Following the Achaemenids’ permission to return to Palestine and restore the Judean cult, there is virtually no specific evidence concerning the status of the Jewish community of Babylon. That such a community remained there is evident from its mention, for example, as the home of Ezra, and from its existence in post-Achaemenid times. Later tradition emphasizes the continuity of the Babylonian community; the Seder Olam Zuta sets forth a line of exilarchs back to the deported Jehoiachin (Jeconiah), the next to last of the kings of Judah – evidence at least that the idea of exiles who did not return was credible later on. Scholars have sought to document Jewish business success in Babylonia on the basis of personal names in cuneiform texts of the family of Murashu in Nippur from the reign of Artaxerxes I, an attempt which while plausible puts severe strain on the linguistic evidence. That, in the course of time, Jews attained positions of privilege and responsibility is inferred from Nehemiah’s service as cupbearerat the Achaemenid court. Some may not have been trusted; Eusebius (Eusebius Werke, ed. by R. Helm 7 (1956), 112–3) relates Artaxerxes III’s deportation of Jews to Hyrcania, on the Caspian Sea, as the result of a revolt around 350 B.C.E.

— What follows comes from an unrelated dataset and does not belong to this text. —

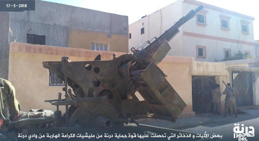 11.50 Ливийская национальная армия вновь потерпела поражение в боях с джихадистами, контролирующими город Дерна. Боевики контратаковали наступающие части армии западнее города и нанесли им ощутимые потери, заставив отступить. Фотографии трофеев боевики распространили в сети.

Alexander led a Macedonian army in the conquest of Babylon in 331 B.C.E. and died there after his Bactrian and Indian campaigns in 323. His generals thereupon dismembered his empire in a struggle for control of it. The dynasty of Seleucus, which was to rule Mesopotamia for two centuries, was heir to a domain without a stable ethnic base or heartland. Whereas Persians had been rulers of “Iran and non-Iran,” as later usage put it, the Macedonian Seleucids were rulers only of non-Macedonia. Seleucid imperial policy, therefore, began as a colonial policy throughout all the realm: it called for the founding of new cities, populated by immigrant Macedonian and Greek garrisons, administrators, and merchants, strategically situated and fortified along the principal roads and rivers. Seleucia on the Tigris, founded by Seleucus I, was one of these, and it tended to flourish at Babylon’s expense. Antiochus I transferred a considerable Semitic population to Seleucia from Babylon in 275 B.C.E., a policy of centralization causing a decline in Babylon’s material fortunes which is documented in cuneiform literature.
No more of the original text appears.